AMD's New Texture Compression Tech Cuts VRAM Usage — But There's a Trade-Off

Graphics memory has been the quiet bottleneck for years — games look better, resolutions climb, but VRAM doesn’t scale as fast as the texture budgets that modern titles demand. At the I3D 2026 symposium on Wednesday, AMD researchers presented a clever mathematical shortcut to ease the pressure: a technique called PEPS that cuts the size of neural texture compression models by a quarter, holding image quality steady while shifting some of the work to the GPU’s compute units.

Neural texture compression works by training a small neural network — an implicit neural representation — to map texture coordinates to final color values. The network learns to reconstruct textures from compact parameters instead of storing every pixel directly. The key ingredient in these networks is positional encoding, which takes low-dimensional coordinates and projects them into higher-dimensional sine and cosine vectors so the network can represent fine detail.

AMD’s insight, presented in a paper titled “PEPS: Position Encoding Projection Sampling,” reframes this encoding step. Rather than treating each sine/cosine projection as a separate dimension, the researchers view every projection as a point on a Lissajous curve — those oscilloscope-like patterns you might remember from physics class — and then samples those projection points. This lets the implicit neural representation pack more information per parameter, so the network needs fewer parameters to achieve the same visual fidelity.

The trade-off is immediate and predictable: fewer parameters means less VRAM used, but the extra sampling step demands more compute and more memory accesses. In AMD’s benchmarks on a Radeon RX 9070 XT, generating a 1024×1024 three-channel texture took 4.32 milliseconds with the baseline BI-grid method and 5.47 ms with their Grid-PEPS implementation. That’s a 27% slowdown in texture generation. A refined version called Grid-PinkPEPS brought the cost down to 4.86 ms, narrowing the gap but not closing it entirely.

The technique isn’t limited to textures. AMD also tested PEPS on signed distance fields (SDFs) — a workhorse of 3D rendering that represents surfaces implicitly, often at a steep VRAM cost. On a Pitted Stonefish SDF, Grid-PEPS matched the reconstruction accuracy (measured by intersection-over-union) of conventional methods while using one-eighth the encoder parameters. For developers trying to squeeze complex 3D scenes into modest GPU memory budgets, that’s a meaningful result.

Reality check: none of this is ready for games yet. NVIDIA is the only vendor currently shipping a public neural texture compression toolkit and demo, and no commercial game has shipped with full neural texture support.
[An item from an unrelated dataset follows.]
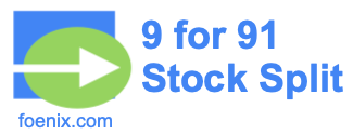 A 9 for 91 stock split or 9:91 stock split ratio can be converted into a 9/91 fraction. Since a 9/91 fraction is less than 1, it means that a 9 for 91 stock split decreases the number of shares of a company. This is called a reverse stock split.
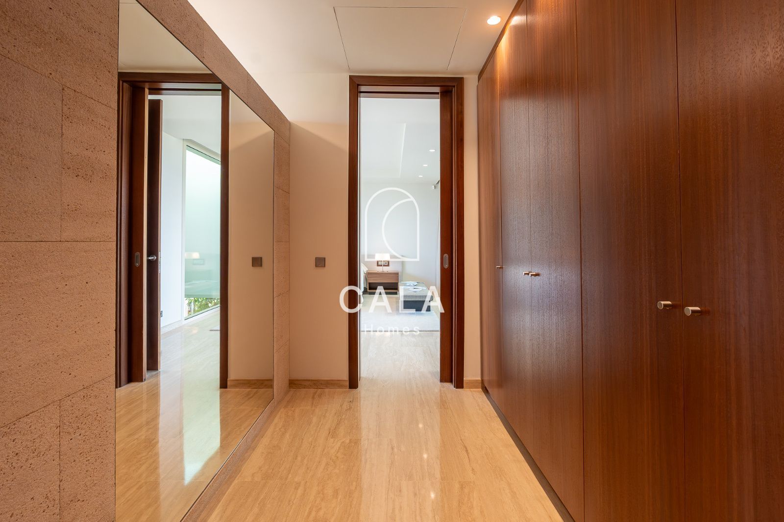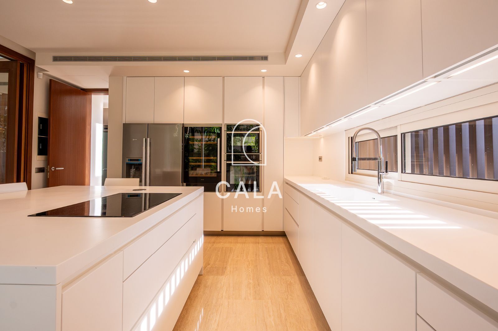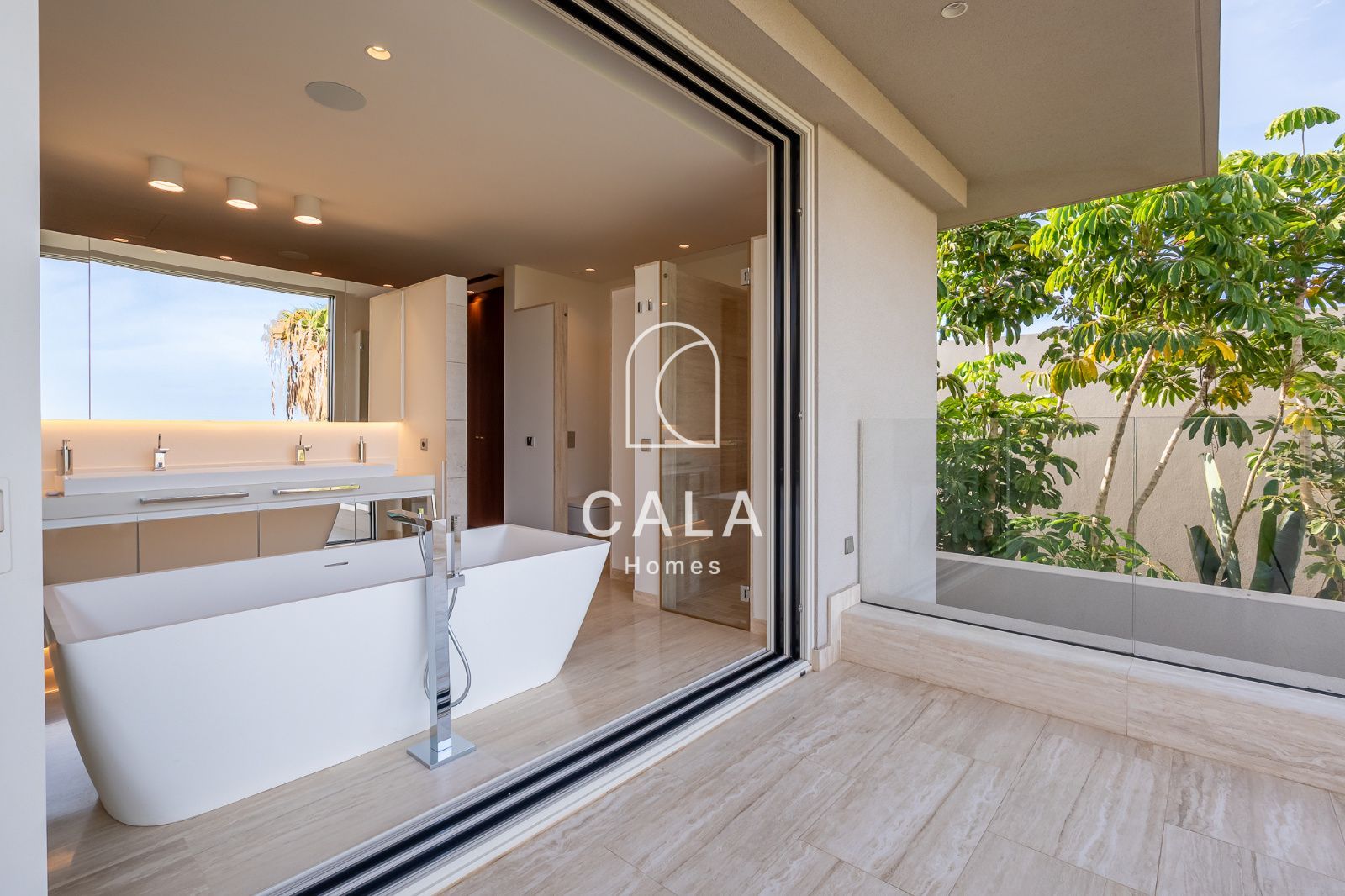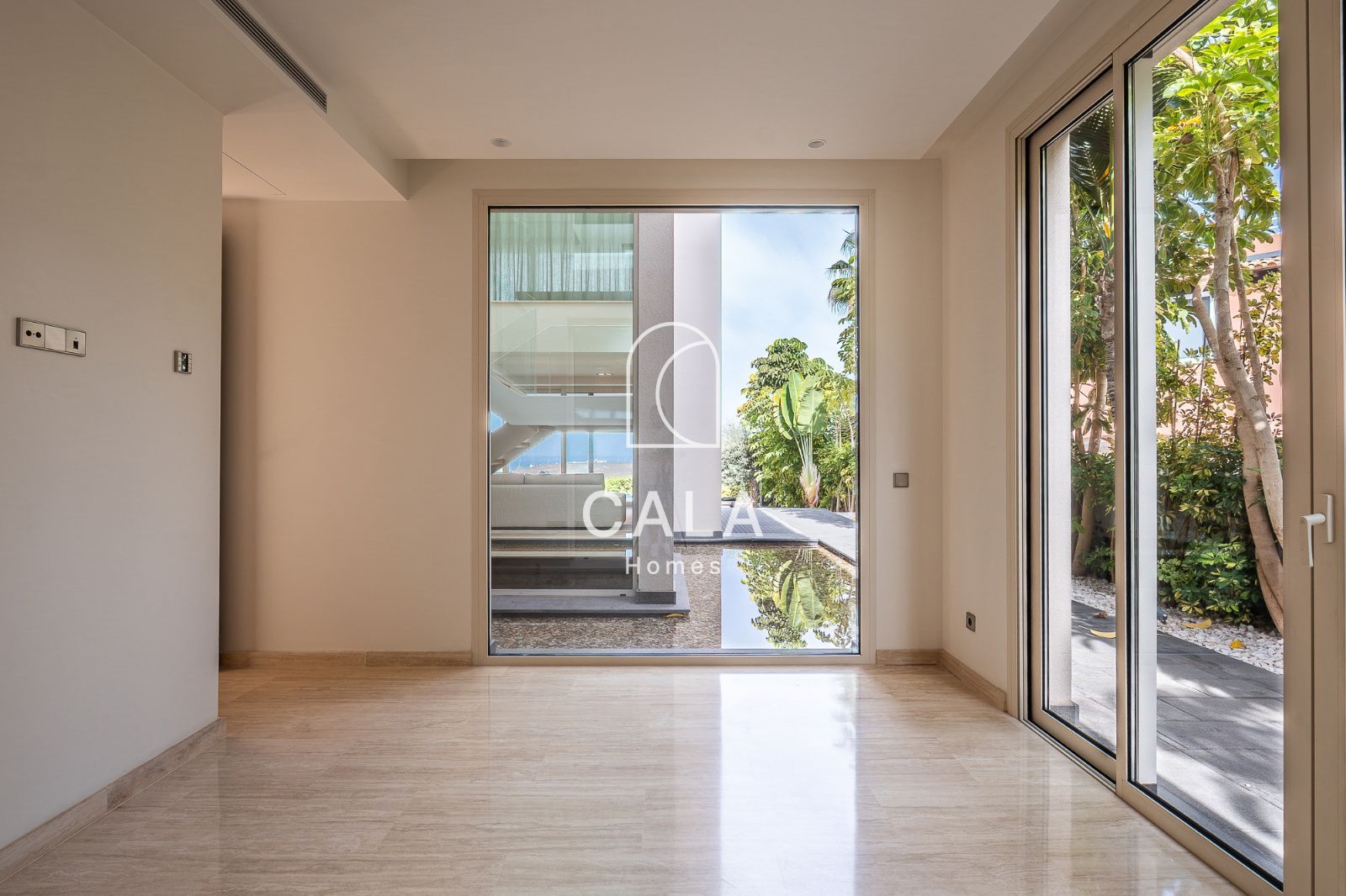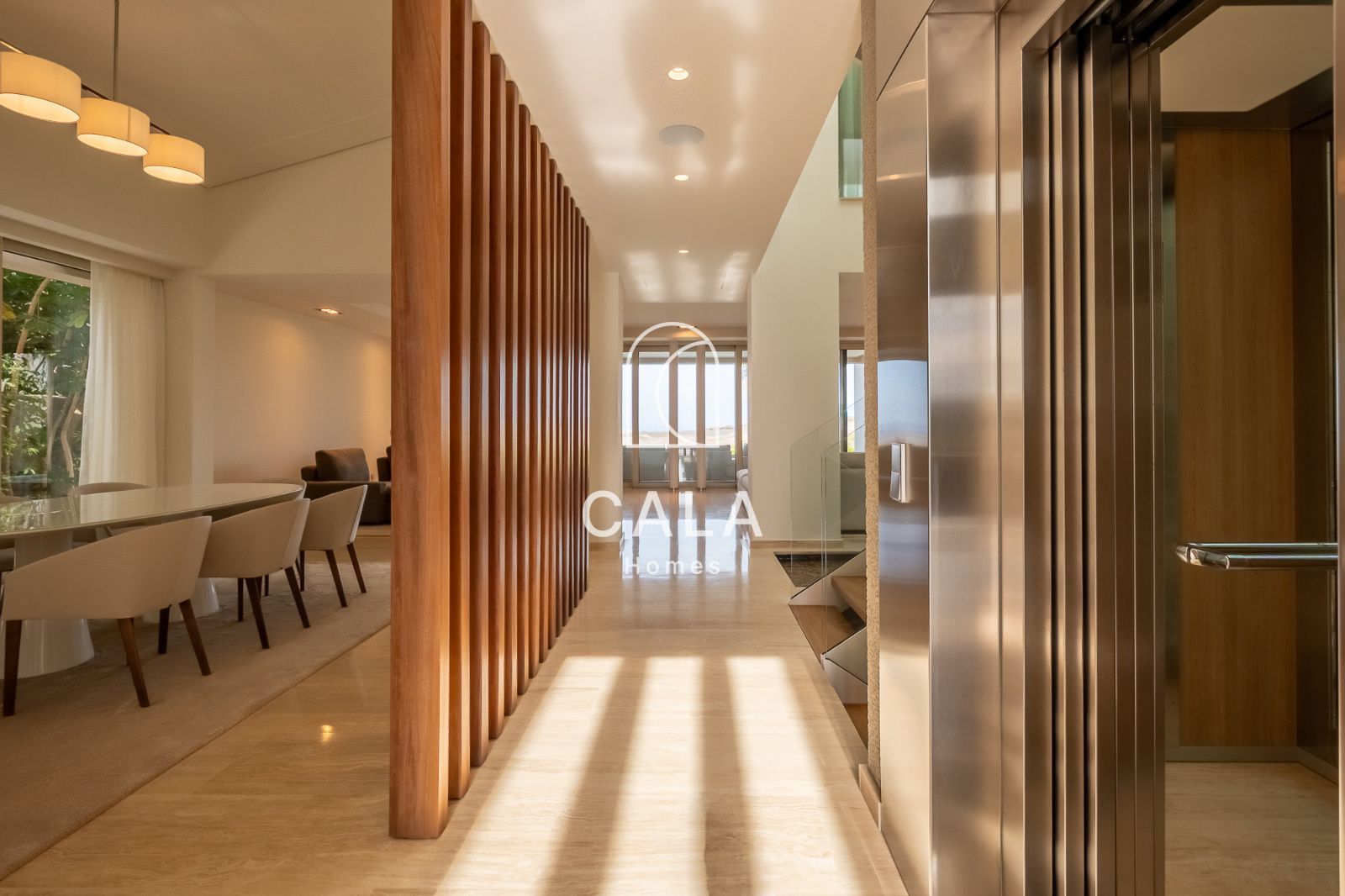 Вилла распределена на три этажа, соединённые лифтом, и окружена элегантным садом с пальмами и тропической растительностью, создающими атмосферу уединения и покоя. Главный этаж впечатляет просторными открытыми помещениями, высокими потолками и большими панорамными окнами, которые наполняют гостиную и столовую естественным светом и гармонично объединяют внутреннее и внешнее пространство. Гурмэ-кухня, оснащённая бытовой техникой NEFF премиум-класса и центральным островом, обращена к морю и является настоящим сердцем дома. С этого уровня открывается выход на главную террасу с зоной отдыха, садом и великолепным инфинити-бассейном с системой встречного течения.

On AMD’s side, the technology is even earlier — there’s no product name, no roadmap, just a research paper and benchmark numbers. The company is still using generic technical terminology in its publications.

Still, the direction is worth watching. With 8 GB GPUs likely to remain the mainstream baseline for years and texture budgets growing faster than VRAM capacities, every compression technique that trades compute cycles for memory headroom moves the needle. PEPS won’t ship in the next driver update, but it’s a reminder that the biggest gains in graphics might come not from faster silicon, but from smarter math.